# Motion.dev MCP Benchmark Executive Summary

Date: 2026-05-15

## One-Paragraph Readout

This benchmark compared four coding agents across four Motion.dev-heavy animation prompts: a `MagneticDock`, an interactive SVG blob, a scroll-driven cinematic timeline, and a liquid menu. The key result is that Motion.dev MCP availability did not produce uniform behavior. `codex` was the fastest overall agent at `26m 50s` total and also the heaviest Motion.dev MCP user with `31` Motion.dev-specific calls across all `4/4` prompts.

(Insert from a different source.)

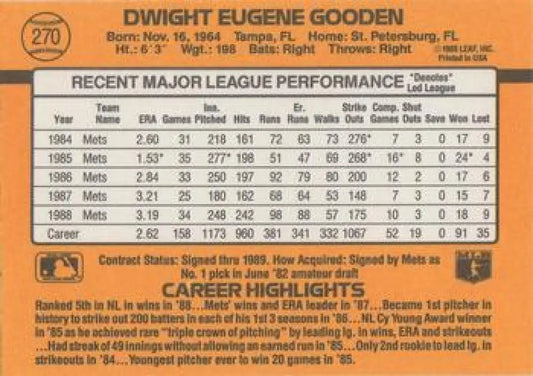1989 Donruss #270 Dwight Gooden NM-MT New York Mets Baseball Card

At the same time, `gemini-cli` logged `0` Motion.dev MCP calls and still won `2/4` prompts on speed, finishing second overall at `32m 54s`. The clean data-story takeaway is that strong MCP integration can help materially, but actual agent behavior matters more than prompt wording alone.

## Core Numbers

- Fastest overall: `codex` at `26m 50s`, with `31` Motion.dev MCP calls and `97` total tool calls.
- Second overall: `gemini-cli` at `32m 54s`, with `0` Motion.dev MCP calls and `38` total tool calls.
- Third overall: `claude-code` at `42m 51s`, with `16` Motion.dev MCP calls and `91` total tool calls.
- Slowest overall: `opencode-minimax-2.5` at `61m 49s`, with `4` Motion.dev MCP calls and `78` total tool calls.

## Prompt Winners

- `dock`: `claude-code` in `7m 25s`
- `blob`: `gemini-cli` in `2m 47s`
- `timeline`: `codex` in `3m 24s`
- `menu`: `gemini-cli` in `5m 14s`

## Strongest Story Angles

- `codex` is the strongest "MCP + speed" angle because it used Motion.dev MCP consistently and still finished first overall.
- `gemini-cli` is the strongest "fast without MCP" angle because it never used recorded Motion.dev MCP calls and still won twice.
- The benchmark shows that saying "use the Motion.dev MCP" in the prompt does not ensure consistent tool usage across agents.
- The `timeline` prompt is the clearest separation graphic because `codex` finished in `3m 24s` while `claude-code` took `20m 25s`.
- The `dock` prompt was the hardest overall based on average completion time across all four agents.

## Suggested Framing For Another LLM

Avoid framing this as "more MCP calls always equals better performance." The stronger framing is:

- MCP integration quality matters.
- Agent behavior under the same prompt diverges substantially.
- Zero-MCP wins exist.
- The benchmark measures speed and tool usage, not output quality.